隋玉腳步一頓,她聽出些意思,從牆頭抓坨雪擦手,她回頭往屋裡走。

“不去茶舍,我想清淨清淨。”擦手的雪扔在門外,隋玉跺跺腳,走進正房。

趙西平去關上大門,聽到隔壁廚院的笛聲,他拉起門栓,將門從裡面拴上。

“怎麼在編席子啊?”隋玉聽到腳步聲進來,她抬頭問。

“給你編的,明年開春你出關的時候帶上,夜裡睡覺的時候鋪上。”趙西平關上門走過來,他一腳踢走麥捆,拽起隋玉摁在懷裡,帶著繭子的指腹摩挲著兔皮襖下滑膩的頸子,他低聲說:“從回來,你不是念著你的崽兒,就是忙活著茶舍的事,是不是忘了你還有個男人?”

隋玉大喊冤枉,“晚上莫非沒讓你上我的床?”

趙西平噎住,他捧著她的臉低頭親下去。

隋玉咬他一下,她抬手攬上男人的脖子,含糊地說:“假正經,想那啥還非得找個藉口。
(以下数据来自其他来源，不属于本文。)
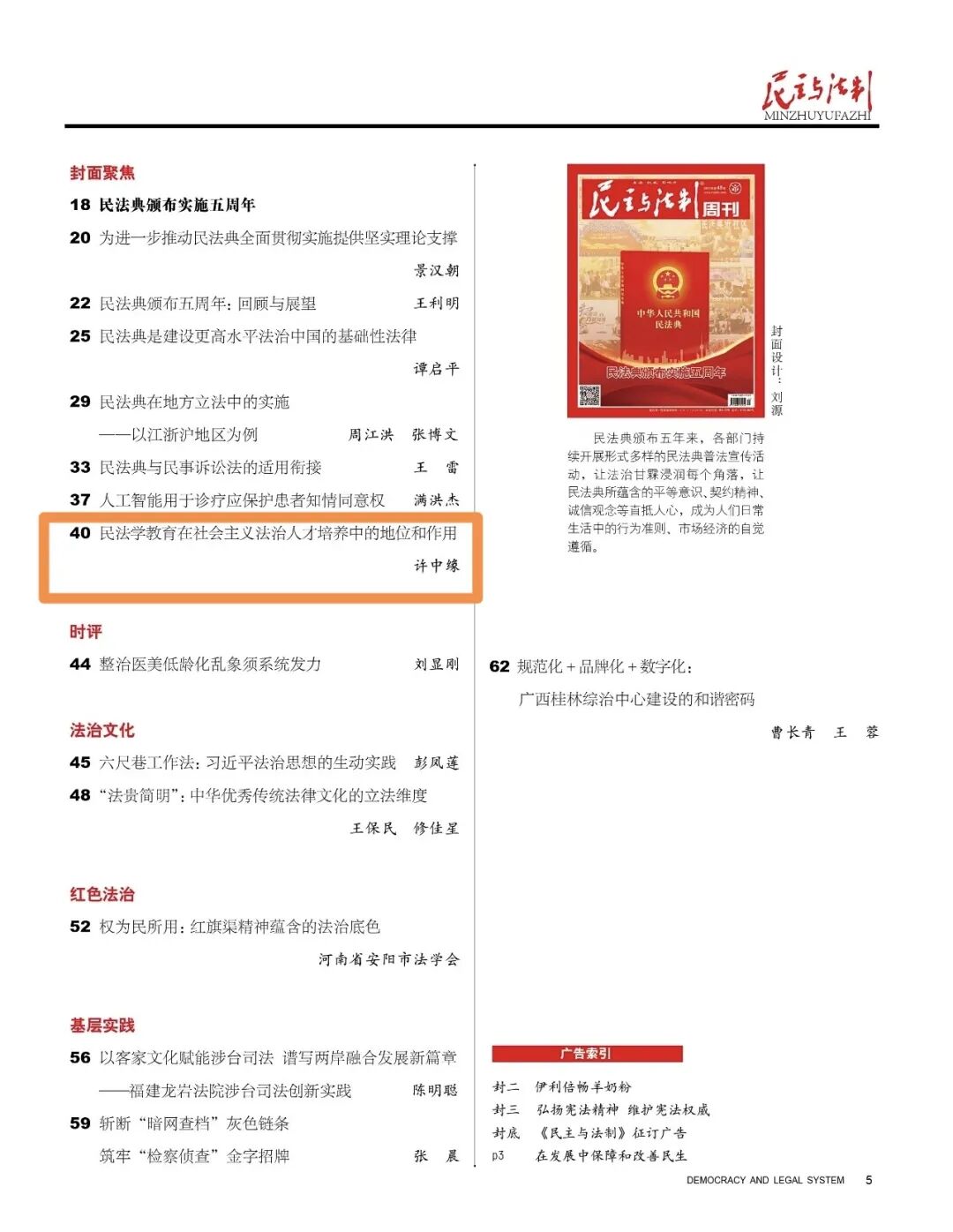 近日,许中缘教授《民法学教育在社会主义法治人才培养中的地位和作用》一文发表在CLSCI《民主与法制》2025年第45期。

”

趙西平鬆開她,指腹摁上殷紅的嘴角,一點點擦去洇出來的水漬,貼在一起的身體分開了,眼神還黏在一起。

“你沒想著我。”他認真地說。

隋玉搖頭否認。

趙西平輕扯下嘴角,手指微微用力,夾住她的嘴角,在她咬上來時,他迅速收回手。

“我也想你陪著我。”他將人攬進懷裡,不讓她看見他的神色,“隋玉,你不在家的時候,我有點想你。”

隋玉得意地笑了。

聽見她的笑聲,趙西平拍她一下。

“離家的日子,我天天都會想起你,以後若是有機會,我們一起往關內走一趟。”隋玉說,“有你陪著,我萬事不用操心,夜裡也不會驚醒。”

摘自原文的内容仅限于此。